We watched the marathon some, I worked a lot of the day, the kids both finished homework they had not gotten to over the weekend.  Nothing specifically went wrong.  But everyone was crabby – myself included, most certainly – and there was a lot of short-tempered snapping.  Dinner was filled with tense silence and crossed arms.

I didn’t feel ease.  I felt frustration and a generalized feeling of anger and exhaustion.  How could one early morning derail us all like this? Why are we all living so close to the edge right now (all the time)?  Why does everything feel so hard?

As it often has, reading saved us.  After some dish-clanging and raised-voice dinner cleanup, we all retired upstairs.  Grace and Whit showered.  I did some email.  Before long, I was in my favorite place, sitting in bed with a child on each side of me.  We were all breathing, we were all reading, we were all together.  The dissent and aggravation and tears of the day dissolved in the face of those irrefutable truths.

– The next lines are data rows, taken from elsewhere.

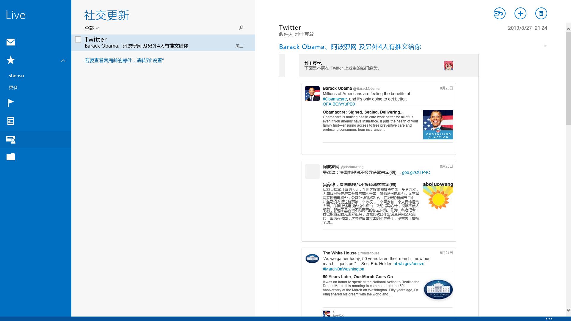 首先个人最喜欢的邮件客户端主要是喜欢那个推送!磁贴变成蓝色了
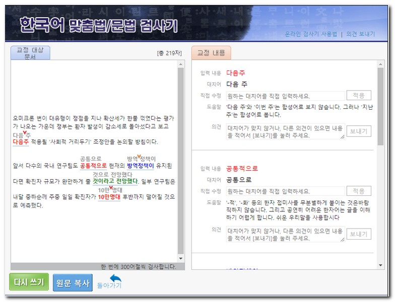 원문을 복사해서 다시 쓰기를 할 수 있으며 어떤 부분에서 맞춤법 문법이 틀렸는지 잘 표시해준다. 틀린 부분을 직접 수정에서 편리하게 교정할 수 있는게 가장 큰 장점이다.
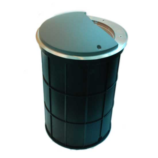 As shown is an underground light fitted with a plastic housing. The light source is securely shielded by tempered glass. The corrosion-resistant stainless steel frame can also stand outdoor wear and tear.
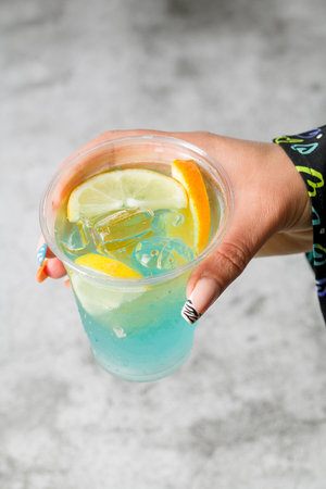 Woman holding bubble tea with lemonade in front of gray stone wall

This is what I’m learning, finally:

This is what ease is.

This is what grace is.  They’re not the same thing, but they are, at least in my head, related. They are also some of the many, many manifestations of the way life is not necessarily what we expect it to be.

Ease is not never being aggravated.  It’s coming back to center more quickly.  I think of the round-bottomed glasses my parents have on their boat, which wobble but don’t actually tip over.  It’s breathing through the discomfort.  It’s trusting that the light will return, even when it’s dark.  It doesn’t look anything like I thought it would, ease, but it’s still here, in every step, in every breath, in every moment.